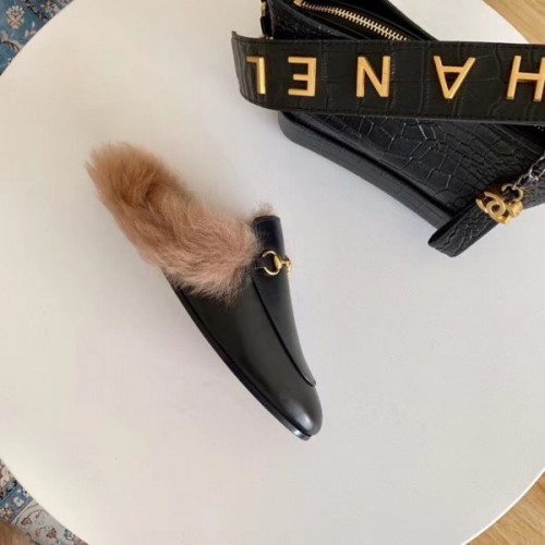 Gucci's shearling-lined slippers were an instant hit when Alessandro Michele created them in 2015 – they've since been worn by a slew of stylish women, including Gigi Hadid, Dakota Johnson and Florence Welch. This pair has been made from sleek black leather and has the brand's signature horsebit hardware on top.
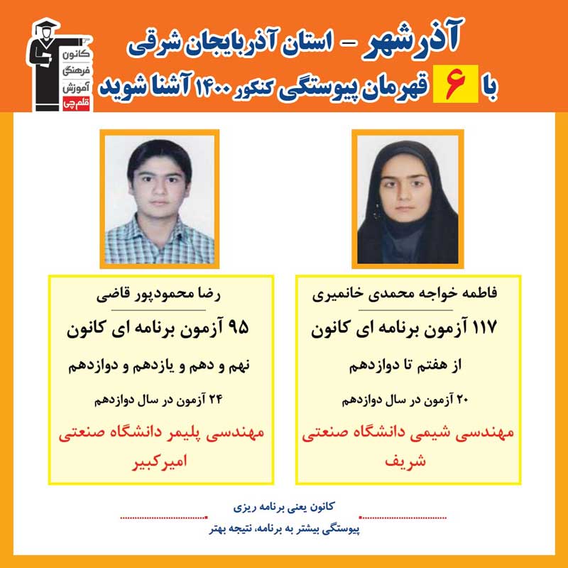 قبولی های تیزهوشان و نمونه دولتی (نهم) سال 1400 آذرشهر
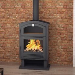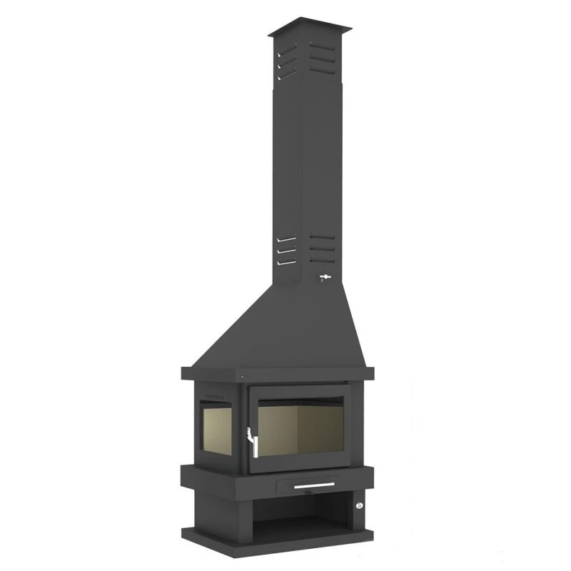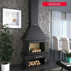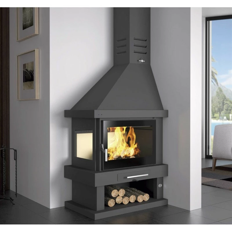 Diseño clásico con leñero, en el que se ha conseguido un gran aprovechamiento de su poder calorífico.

Task objective |
Word for word, retype the lines from the one that contains "قبولی های تیزهوشان" through the final line of the data, both ends included, excluding pictures.

Written solution |
 قبولی های تیزهوشان و نمونه دولتی (نهم) سال 1400 آذرشهر
 Diseño clásico con leñero, en el que se ha conseguido un gran aprovechamiento de su poder calorífico.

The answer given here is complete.